Start of Recorded information

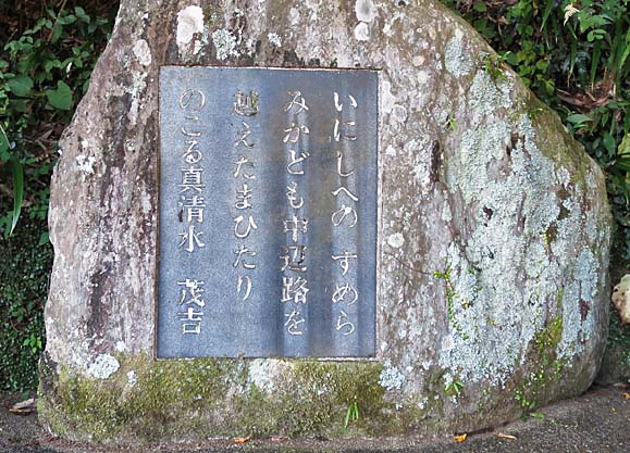 齋藤茂吉は、昭 和9年(1934年)に土屋文明と ともに熊野を訪れ、短歌を詠んだ いにしへの すめらみかども中辺路を 越えたまひたり のこる真清水 |
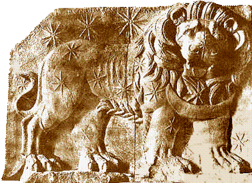King Antiochus I, in the Taurus Mountains. The time of this king’s coronation (7th July, 63 BC) is visually noted here. Above the lion’s back: Jupiter, Mercury, Mars
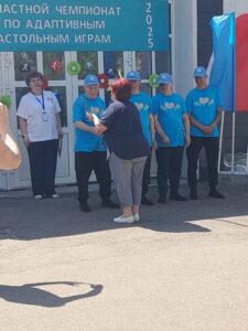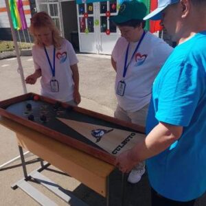 20 июня команда получателей социальных услуг ОГБУСО «Шебертинский дом социального обслуживания» приняла участие в Чемпионате по адаптивным настольным играм, который был организован ОГБУСО «Саянский психоневрологический интернат» в рамках реализации Региональной программы Иркутской области «Активное долголетие».Чемпионат состоял из 6 этапов. Общее число командных очков – сумма набранных очков на каждом этапе. Наша команда достойно представила наше учреждение и заняла 4 место в Чемпионате.
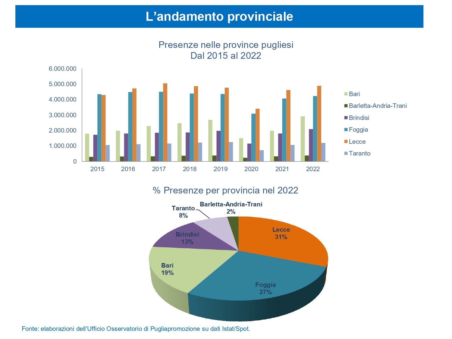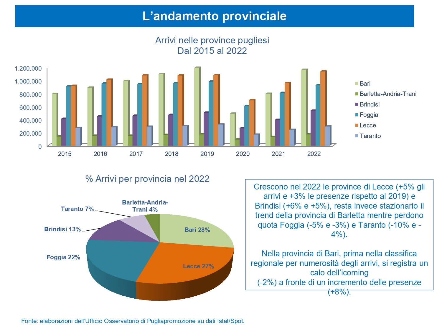 L’andamento provinciale rispetto al 2019 evidenzia crescite per le province di Lecce e Brindisi mentre calano Foggia e Taranto. Bari è la prima provincia per numero di arrivi e terza per presenze turistiche;
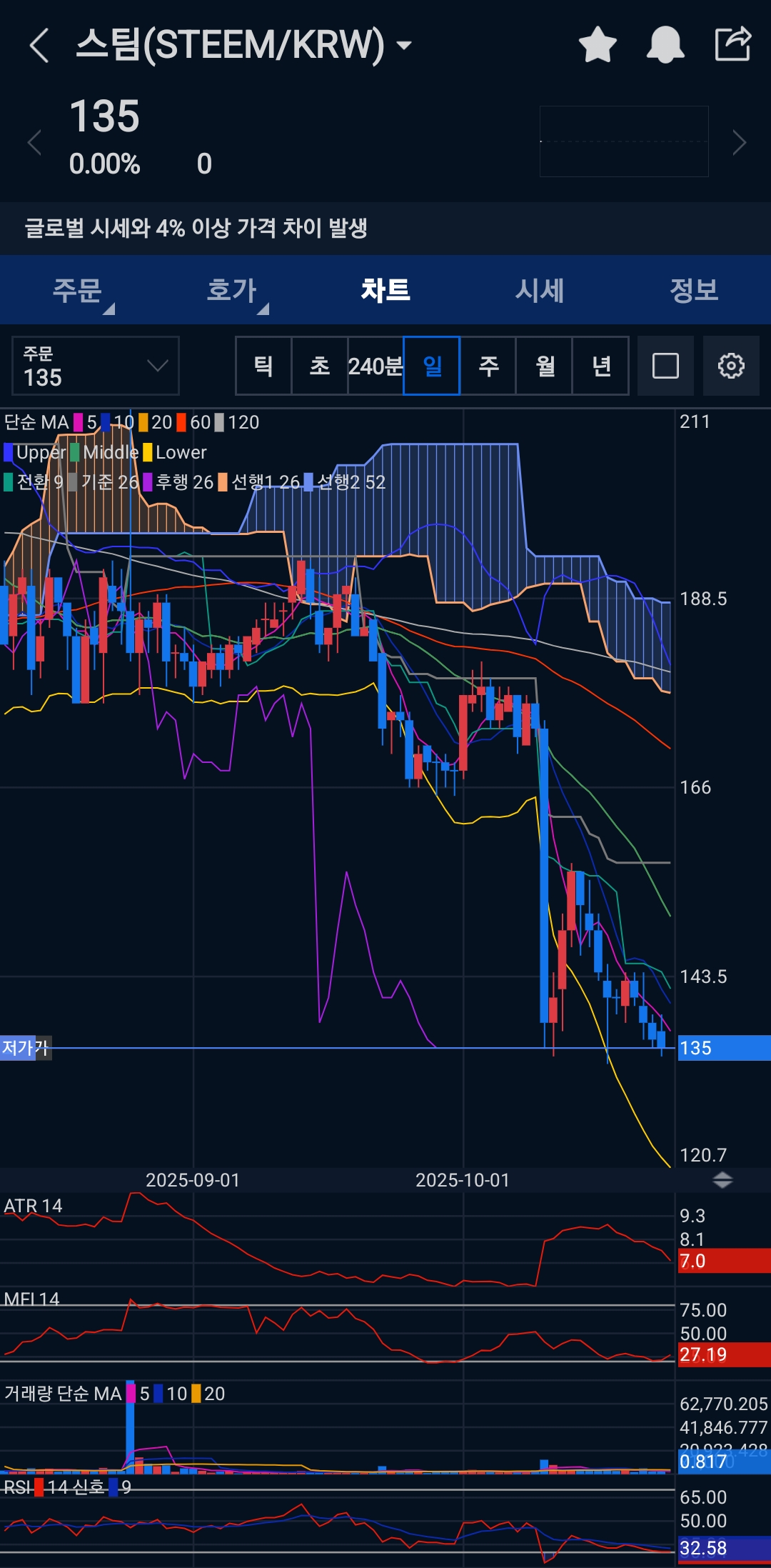 STEEM/KRW(현재 표시 135원 기준) 차트를 3단계(일봉→240분→60분)로 순차적으로 점검하며, 무엇을 왜 보는지 절차적 사고 흐름에 따라 꼼꼼히 분석해 드리겠습니다. 결론 → 시간축별 관찰 → 지지·저항 → 조건부 매매 시나리오 → 리스크 관리 순으로 정리합니다.

End of Recorded information

• _Brief_
Repeat the records above exactly. No pictures go into the repeat.

• _Exercise answer_
 齋藤茂吉は、昭 和9年(1934年)に土屋文明と ともに熊野を訪れ、短歌を詠んだ いにしへの すめらみかども中辺路を 越えたまひたり のこる真清水 |
King Antiochus I, in the Taurus Mountains. The time of this king’s coronation (7th July, 63 BC) is visually noted here. Above the lion’s back: Jupiter, Mercury, Mars
 20 июня команда получателей социальных услуг ОГБУСО «Шебертинский дом социального обслуживания» приняла участие в Чемпионате по адаптивным настольным играм, который был организован ОГБУСО «Саянский психоневрологический интернат» в рамках реализации Региональной программы Иркутской области «Активное долголетие».Чемпионат состоял из 6 этапов. Общее число командных очков – сумма набранных очков на каждом этапе. Наша команда достойно представила наше учреждение и заняла 4 место в Чемпионате.
 L’andamento provinciale rispetto al 2019 evidenzia crescite per le province di Lecce e Brindisi mentre calano Foggia e Taranto. Bari è la prima provincia per numero di arrivi e terza per presenze turistiche;
 STEEM/KRW(현재 표시 135원 기준) 차트를 3단계(일봉→240분→60분)로 순차적으로 점검하며, 무엇을 왜 보는지 절차적 사고 흐름에 따라 꼼꼼히 분석해 드리겠습니다. 결론 → 시간축별 관찰 → 지지·저항 → 조건부 매매 시나리오 → 리스크 관리 순으로 정리합니다.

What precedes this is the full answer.